INSTRUCTIONS FOR THE TASK - Leave the pictures out and restate every line below exactly.

[DATA SEGMENT]

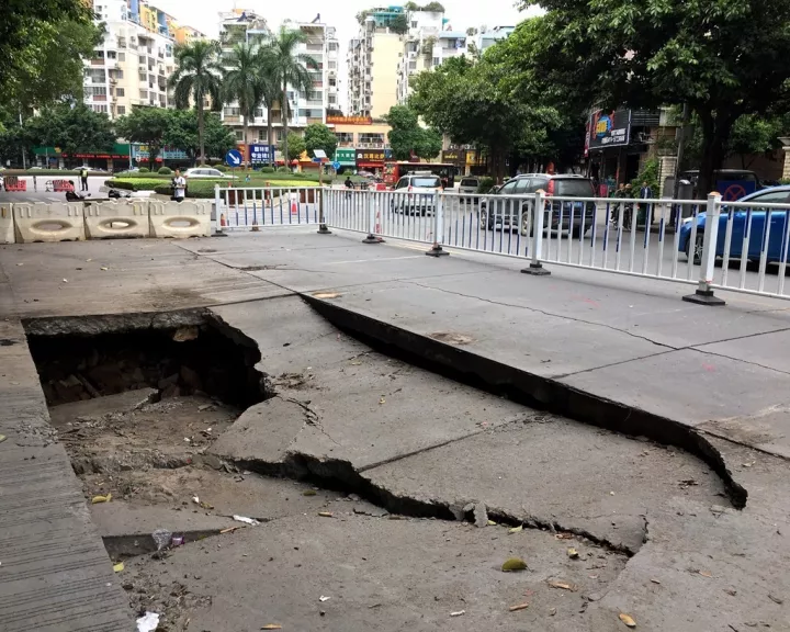 ????據負責該修復工程的市市政工程管理處三工區書記梁明光介紹,該處路面于8月30日出現塌陷,昨日下午塌陷面積突然擴大,目前塌陷區域長約20米,寬約12米,面積約240平方米,引發路面進一步塌陷的主要原因為塌陷區內的拱渠局部地方拱頂、側墻破損掏空,拱渠周邊泥土從破損處流出,從而導致路面在此出現掏空下陷現象。
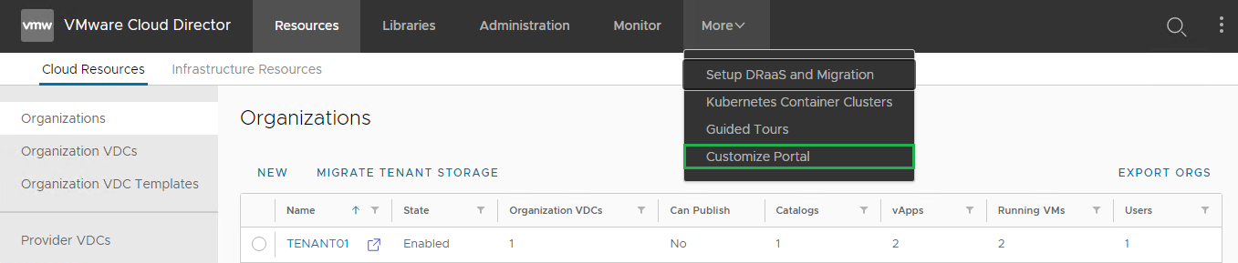 Then login to the vCloud Director provider portal, select the More drop-down menu and click on Customize Portal.
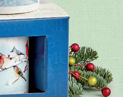 Fun and festive holiday mug designs are popular gifts and come ready-to-wrap in their own gift box.
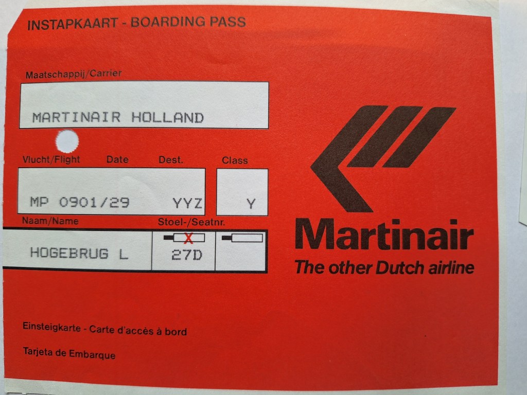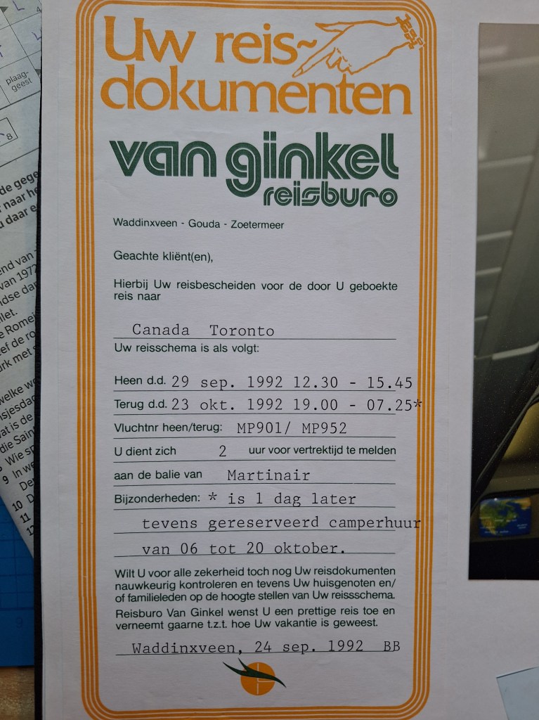 vr 23okt92: neef Fred bracht ons naar Toronto en het vliegveld en o 8 uur met het vliegtuig vertrokken naar Holland

[/DATA SEGMENT]

SOLUTION -
 ????據負責該修復工程的市市政工程管理處三工區書記梁明光介紹,該處路面于8月30日出現塌陷,昨日下午塌陷面積突然擴大,目前塌陷區域長約20米,寬約12米,面積約240平方米,引發路面進一步塌陷的主要原因為塌陷區內的拱渠局部地方拱頂、側墻破損掏空,拱渠周邊泥土從破損處流出,從而導致路面在此出現掏空下陷現象。
 Then login to the vCloud Director provider portal, select the More drop-down menu and click on Customize Portal.
 Fun and festive holiday mug designs are popular gifts and come ready-to-wrap in their own gift box.
 vr 23okt92: neef Fred bracht ons naar Toronto en het vliegveld en o 8 uur met het vliegtuig vertrokken naar Holland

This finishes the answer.